Adversarial machine learning uses accessible model information to launch malicious attacks. Such adversarial attacks attempt to hamper the performance of classifiers on certain tasks by providing the models with false data.
The end goal of such attacks is to deceive the model into giving away sensitive information, making incorrect predictions, or corrupting them.
Most research into adversarial machine learning has been done in the realm of image recognition, in which images are doctored in a way that causes the classifier to make incorrect predictions.
Adversarial attacks generate false data to deceive classifiers. Such inputs are purposely designed to cause ML models to make a mistake. They are corrupted versions of valid data that work as optical illusions for machines.
When the attacker has access to the target model and knows its architecture and parameters, it is called a whitebox attack.
Alternately, when the attacker has zero access to the targeted model and can only work by observing its outputs, it is called a blackbox attack.
Different types of adversarial attacks
Poisoning attacks occur during the training phase of ML systems. They “contaminate” or “poison” the training data of ML models by manipulating the existing data or slapping incorrect labels. Such hacks are likely to work on models that are continuously retrained. For example, reinforcement learning models may be trained daily or biweekly, giving the hacker multiple opportunities to introduce deceptive data to the training data.
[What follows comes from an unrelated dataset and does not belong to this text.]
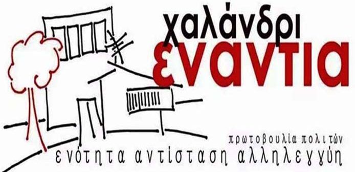Απέναντι στις παρατάξεις που επικαλούνται το νέο για να φέρουν μια ξαναζεσταμένη εκδοχή του παλιού , που οι δημότες γνωρίζουν καλά ότι ρήμαξε την πόλη τους, απέναντι σε μια διοίκηση που παρουσιάζει την στοιχειώδη διαχείριση σαν ανυπέρβλητη επιτυχία, καλούμε τους πολίτες του Χαλανδρίου να μην πάνε στις δημοτικές εκλογές με μειωμένες προσδοκίες. Την επόμενη τετραετία η πόλη θα αντιμετωπίσει ριζικούς μετασχηματισμούς, που θα αλλάξουν την φυσιογνωμία της και θα επιβαρύνουν την κοινωνική πλειοψηφία.

Evasion attacks are the most prevalent (and most researched) adversarial attacks and occur after the models have already been trained. The attacks tend to be more practical as they are performed during the deployment phase. They involve imperceptibly altering the data used by the models to make predictions (not the training data), so that it looks legitimate but makes incorrect predictions. The attacks are often launched on a trial and error basis, as the attackers don’t know in advance what data manipulation will finally break the ML system.
Evasion attacks are often associated with computer vision. Attackers can modify images and trick the model into making incorrect predictions. This works because image recognition models have been trained to correlate certain types of pixels with intended variables: If the pixels are re-tailored in a specific way (such as by adding an imperceptible layer of noise), it will cause the model to change its prediction. This poses a threat to medical imaging systems, as they could be tricked into classifying a benign mole as malignant.
Model stealing attacks are aimed at already trained models. The attacker examines the structure and training data of a black box machine system, which could then be used to reconstruct the model or extract the potentially confidential data the model was trained on. Such attacks are usually motivated by financial gain.
How to prevent adversarial attacks
A potential method to counter adversarial attacks is to train ML systems to learn what an adversarial attack might look like ahead of time by incorporating adversarial examples in their training process.
Another method is to regularly modify the algorithms the ML models use to classify data, thereby creating a “moving target” to retain the secrecy of the algorithms.
Developers of ML systems should be aware of the risks associated with them and put in place security measures for cross-checking and verifying information. Furthermore, to avoid pitfalls preemptively, they should make frequent attempts to corrupt their models to detect as many shortcomings as possible in advance.